In this study, we presented the results of a longitudinal, double-blind study comparing the effects of risperidone and haloperidol on sustained attention deficits in schizophrenic patients. The aims were to test whether schizophrenic patients' CPT performance is independent of their clinical state and to explore the potential therapeutic effects of risperidone on attention deficits in schizophrenic patients.
MATERIALS AND SUBJECTS
Subjects
The subjects of this study were part of a 12-week double-blind, parallel-group study on the therapeutic effects of risperidone versus haloperidol. The recruitment of subjects and the study design have been described in detail elsewhere (Liu et al. 1996). Briefly, 56 patients meeting the DSM-III-R (American Psychiatric Association 1987) criteria for schizophrenic disorders were recruited from the outpatient clinic or the acute inpatient ward of the Psychiatric Department, National Taiwan University Hospital. To be included, patients had to show prominent clinical symptoms as revealed by a total score of > 65 on the Positive and Negative Syndrome Scale (PANSS) (Kay et al. 1987). The initial diagnoses were made by the principal investigator (S.K.L) using all available information, including data collected in clinical interviews based on the Chinese version of the Diagnostic Interview for Genetic Studies (DIGS) (Chen et al. 1998b; Nurnberger et al. 1994) and past medical records. The diagnoses were confirmed in a consensus meeting held by three senior psychiatrists. Patients with a previous history of physical illness or substance abuse that cast the diagnoses in doubt were excluded. All patients gave written informed consent to participate in this study. The study was approved by the Ethics Committee of National Taiwan University College of Medicine.
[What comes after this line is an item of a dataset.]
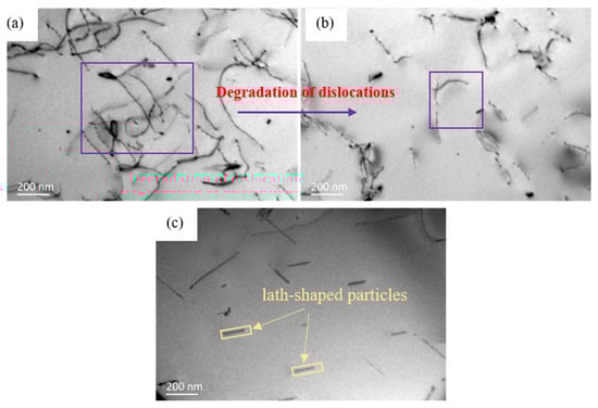 In order to illustrate the effect of Ag on the precipitation strengthening mechanism of Al-Mg alloys, TEM images of the aged Al-4Mg (-0.6Ag) alloys are shown in Figure 4 and Figure 5. For the Al-4Mg alloy, at the early aged stage (210 °C/1 h), the microstructure contains massive dislocations, forming dislocation tangles. There is no precipitated particle in the matrix, as shown in Figure 4a. When aged for 8 h at 210 °C, with the movement of vacancies and dislocations, the opposite dislocations offset each other and the amount of dislocations decrease. There is no particles at this stage, as shown in Figure 4b. At the over-aged stage (210 °C/32 h), in Figure 4c, some lath-shaped particles with dimension of 0.1–0.2μm distribute in the matrix sparsely. According to the morphology of the particles and the precipitation sequence of Al-Mg alloys [4], the lath-shaped particles can be defined as β’ with the component of Al3Mg2. For Al-Mg alloys, the clusters of Mg atoms are unstable and prefer to dissolve at artificial aging temperature. Due to the lack of nucleation sites, it is difficult for nanoparticles to precipitate uniformly. Only few coarse scale β’ phases distribute in the matrix sparsely. Due to the coarse scale and discrete distribution, the β’ phase has little effect on the strengthening of Al-Mg alloys.

Symptom-rating instruments
The clinical symptoms of the patients were assessed with the PANSS, which has guidelines for a semi-structured interview with detailed descriptions of symptom ratings, and has been thoroughly studied psychometrically (Kay 1991). The PANSS consists of three subscales for separate syndromes: positive, negative, and general psychopathology. The severity of each syndrome is represented by the summed scores of the Positive (ranging from 7 to 49), Negative (ranging from 7 to 49), and General Psychopathology (ranging from 16 to 112) scales. The time period covered by each PANSS evaluation is one week prior to the date of clinical evaluation. A Chinese version of the PANSS, the PANSS-CH, was translated from the English version and has been described in detail elsewhere (Cheng et al. 1996). Good interrater reliabilities on the PANSS-CH were achieved in a subsequent study of 30 schizophrenic patients, as revealed by the high intraclass correlation coefficient reliabilities for individual items (ranging from 0.64 to 0.96) (Liu et al. 1997).
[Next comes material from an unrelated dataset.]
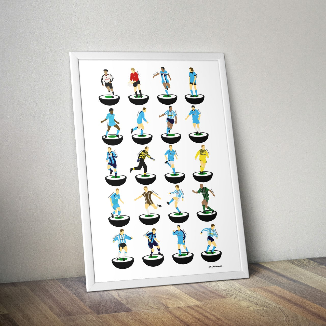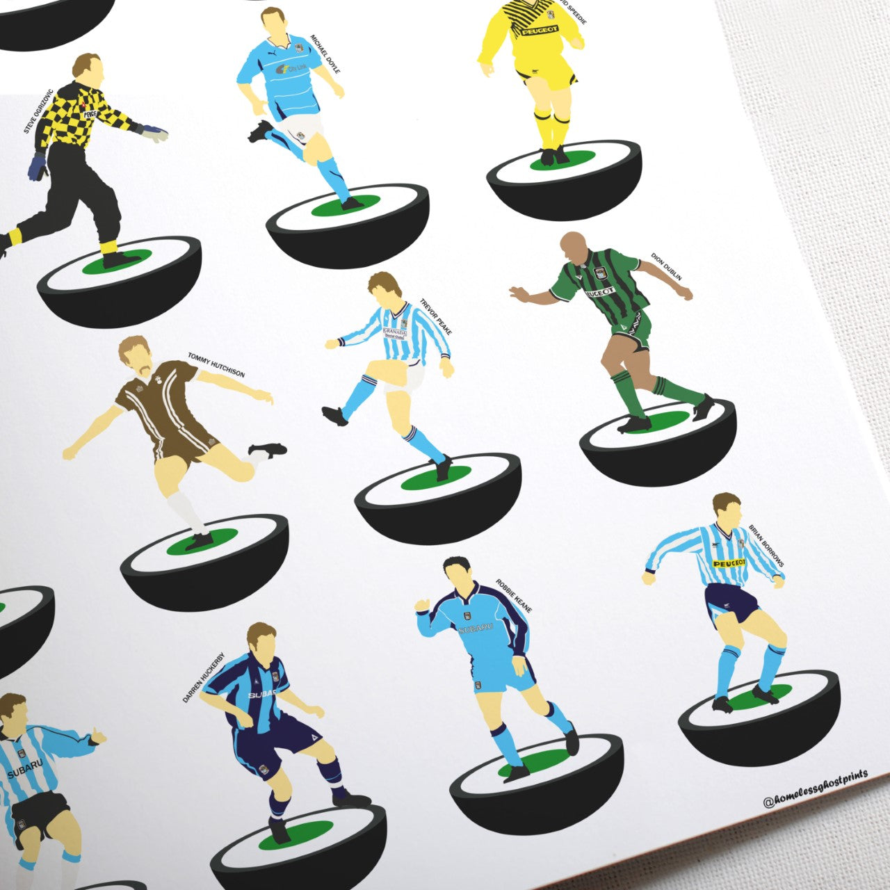 It features artwork inspired by past and present Coventry City players in the Subbuteo style.

The Extrapyramidal Symptom Rating Scale (ESRS) (Chouinard et al. 1980) was used to assess the severity of EPS. The ESRS consists of four subscales that assess subjective EPS, objectively observed parkinsonian symptoms, dystonia, and dyskinesia, respectively. In addition, two global scores for parkinsonism and dyskinesia were generated by global clinical impression. Because the slowing down of psychomotor activities associated with parkinsonism might affect the performances on attentional tasks, the summed score of the objectively observed parkinsonian symptom ratings (ESRS-P) and the global rating for parkinsonism (ESRS-GP) was used for the subsequent analyses. All raters using the ESRS viewed 30 sessions of videotaped examples of various involuntary movements with subsequent discussion for agreement about the ratings. Subsequent reliability exercises were done regularly at biweekly intervals to ensure agreement.
CPT
We used a CPT machine from Sunrise Systems, version 2.20 (Pembroke, MA, USA). The procedure has been described in detail elsewhere (Chen et al. 1998a; Liu et al. 1997). Briefly, numbers from 0 to 9 were randomly presented for 50 milliseconds each, at a rate of 1 per second. Each subject undertook two CPT sessions: the undegraded 1–9 task and the degraded 1–9 task. A total of 331 trials, 31 of them targets, were presented over a period of 5 minutes for each session. During the 25% degraded session, a pattern of snow was used to toggle the background and foreground dots so that the image was not distinct. The undegraded session was administered first and then the degraded session. Each session of the test began with 2 minutes of practice (repeated if subjects required it). The rater, who sat or stood at an oblique angle to the subject, could monitor the subject's performance through a computer monitor and make sure that the subject knew how to press the button correctly. Once a test began, no rewards or cues were given to the subject.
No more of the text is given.